With reference to the first aspect, in an alternative embodiment of the present application, the epicyclic shelf includes a bracket; the bracket is arranged at the bottom of the container and used for connecting the driver and the guide rod.

In the implementation process, the bracket is arranged at the bottom of the container, and the driver and the guide rod can be fixed below the container by using the bracket.

In a second aspect, embodiments of the present application provide a transport device, including: AGV dolly and turnover goods shelves that first aspect provided, the turnover goods shelves are used for setting up on the AGV dolly.

In the implementation process, the turnover goods shelf is arranged on the AGV trolley, and the silicon rods placed in the turnover goods shelf can be transported to the corresponding area by using the AGV trolley.

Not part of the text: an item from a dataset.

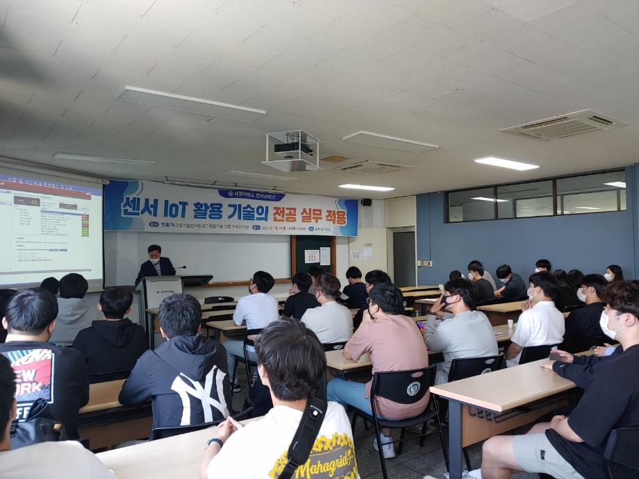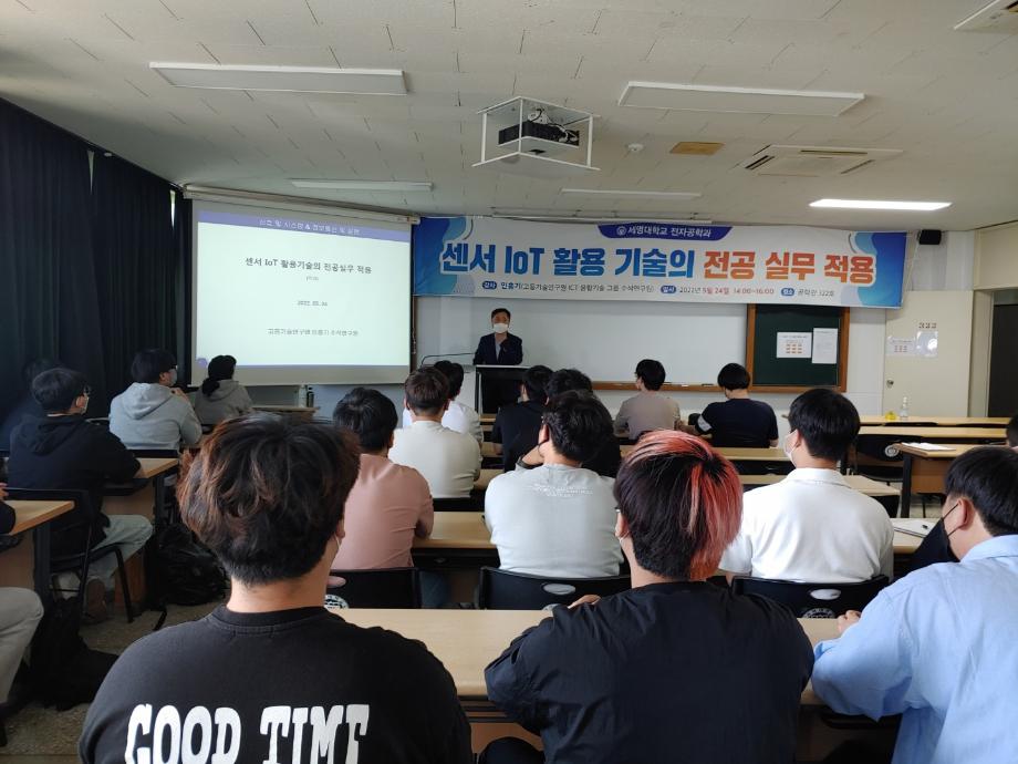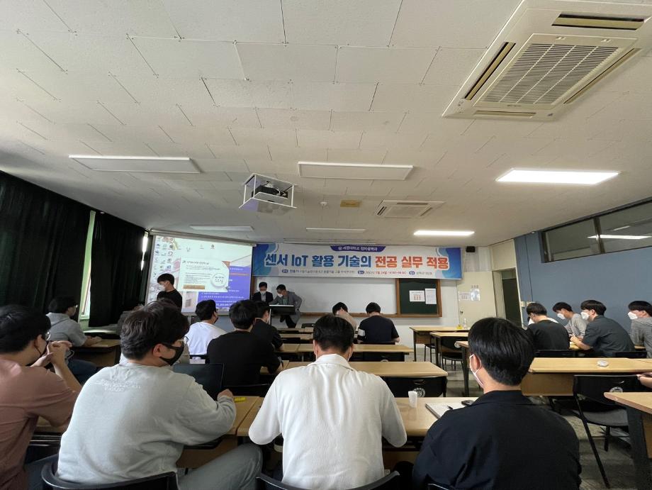 본문 시작 홈으로 커뮤니티 학과소개 교육과정 학과활동 커뮤니티 진로취업 입학상담 홈페이지가이드 포토갤러리 학과공지 포토갤러리 자유게시판 동영상 게시판 포토갤러리 페이스북 트위터 프린트 '센서 IoT를 활용 기술의 전공 실무 적용' 특강 전자공학과 2694 2022-05-24 전자공학과에서 '센서 IoT 활용 기술의 전공 실무 적용'에 대해서 특강을 진행하였습니다. 민흥기 강사님께서 직접 오셔서 여러가지 센서를 활용한 작품 관련 자료를 강의하였습니다. 특강을 통해 여러 작품의 자료를 배우면서 전자공학을 졸업 한 후 실무 활동 및 전공에 대한 이해도를 더욱 깊이 배울 수 있는시간이 되었습니다. 목록 이전M.X동아리 세미나 다음 고등학생 특강을 위한 멘토 준비 담당부서 : 전자공학과 담당자 : - 연락처 : 043-649-1683 최종수정일 : 2024-10-26 만족도조사 만족도 조사 이 페이지에서 제공하는 정보에 대하여 만족하시나요? 매우만족 만족 보통 불만족 매우불만족

And because the pushing and clamping mechanism is arranged in the goods shelf, the silicon rod can be clamped between the pushing piece and the first blocking piece and the second blocking piece, so that the probability of displacement of the silicon rod in the transportation process can be reduced.

Drawings

In order to more clearly illustrate the technical solutions of the embodiments of the present application, the drawings that are needed in the embodiments will be briefly described below, it being understood that the following drawings only illustrate some embodiments of the present application and therefore should not be considered limiting the scope, and that other related drawings may be obtained according to these drawings without inventive effort for a person skilled in the art.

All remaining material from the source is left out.